We hear so much sadness in the air, and that's why I hope that what Obama proposes and is trying to get passed will help us heal. However, now comes the wait. And the hope? I hope so.


While elected officials are debating and passing legislation, the rest of us need in whatever way possible--however small--to envision hope, imagine abundance, create a place where we can dare to dream; where people can meet quietly as friends and share ideas, drawings, poems, small talk, coffee, and laughs. We need to not let large corporate entities buy out all our time and leave us money-rich and time-poor. We need room to behold.


Riding on the trolley from Media last Friday, I began to dare not so much simply to hope--a word maybe overused and a yet less and less believed in-- to feel that we need to assert the presence, the stubbornness of survival.
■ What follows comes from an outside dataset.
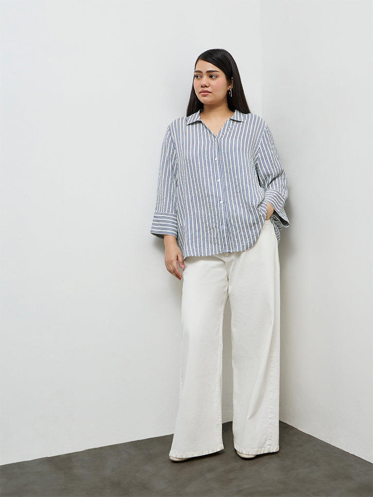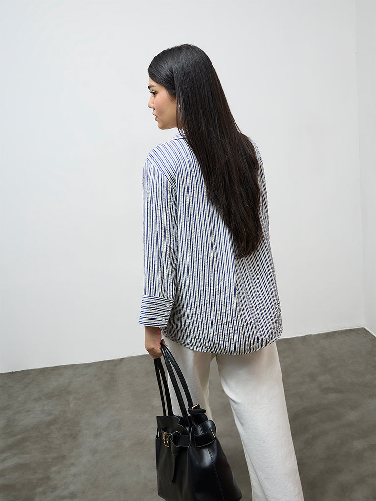 A polished appeal defines this navy striped shirt from Gia. Designed in a relaxed silhouette, it features a notch collar, a button-up front and full sleeves that lend a clean finish. Crafted from a premium-blend fabric, it offers lasting comfort, making it well suited for long, busy days.

We've had periods of devastation in history, events I would never have wanted to live through--the Nazi death camps, the killing fields of Cambodia, the tribal warfare in Kenya--yet people have lived through these things, scarred and heartbroken, sometimes wondering how they lived and their neighbor or friend or spouse or child didn't. Somehow these reigns of terror ended. Of course, sad to say, new reigns of terror arose elsewhere in the world. We get up, fall again, get up as a civilization, sometimes finding our way, sometimes groping blindly, but going on. And in that going on, we even sometimes find small ways, sometimes very small, to keep us going from minute to minute--a smile shared between strangers, the sight of a butterfly, the flower growing through a crack in the pavement. These seem so small, so insignificant in the face of tragedy and suffering. And they need sunlight and care to multiply.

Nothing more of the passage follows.